Scientific classification
- Kingdom: Fungi
- Division: Ascomycota
- Class: Lecanoromycetes
- Order: Lecanorales
- Family: Cladoniaceae
- Genus: Cladonia
- Species: C. furcata
- Binomial name: Cladonia furcata (Huds.) Baumg. (1790)
- Synonyms: Lichen furcatus Huds. (1762) (basionym);

= Cladonia furcata =

- Authority: (Huds.) Baumg. (1790)
- Conservation status: G5
- Synonyms: Lichen furcatus (basionym)

Species of lichen-forming fungus

Cladonia furcata or the many-forked cup lichen is a species of cup lichen in the family Cladoniaceae. It has an intermediate to tolerant air pollution sensitivity. Extracts of this species have been shown to kill leukemia cells in vitro, and may have possible value in the treatment of cancer.

==Description==
Like most other lichens in the genus Cladonia, the fruiting body of C. furcata is made of a flattened primary thallus and a secondary upright stalk that forms the secondary thallus.
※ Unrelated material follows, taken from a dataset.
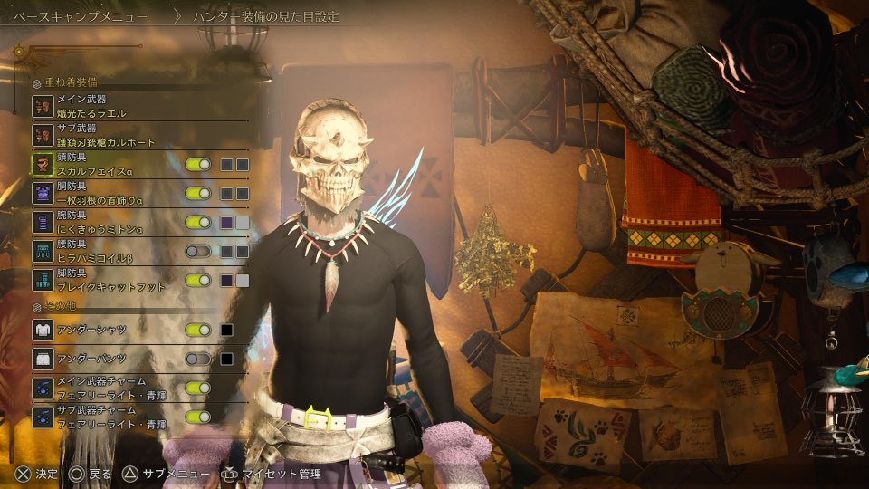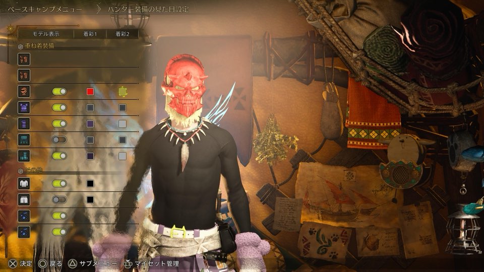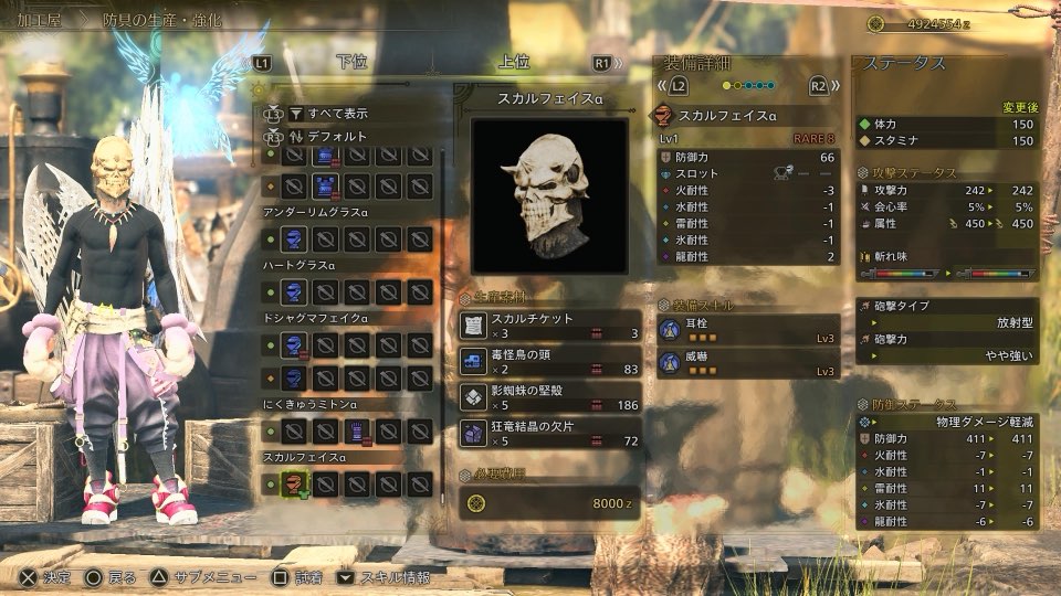 ハンターの重ね着装備「スカルフェイスα」は禍々しいガイコツをモチーフにした歴代モンハンに何度も登場している人気の頭装備です。

The – the podetium – is extensively branched, and may reach up to 10 cm tall. The podetia ranges in color from grayish or pale green to brown. The axil, the inner junction of a branchlet with a branch or with another branchlet, is open, with inrolled branches, and frequently with a longitudinal groove that extends down the podetium from the axil. The fertile (reproductive) branches of this lichen are more or less flattened, and often grooved. C. furcata does not have the vegetative reproductive structures soredia and isidia, but instead has apothecia—cup-like ascocarps that contain asci on which ascospores are borne. The apothecia are brown, small, and borne at the end of the branches.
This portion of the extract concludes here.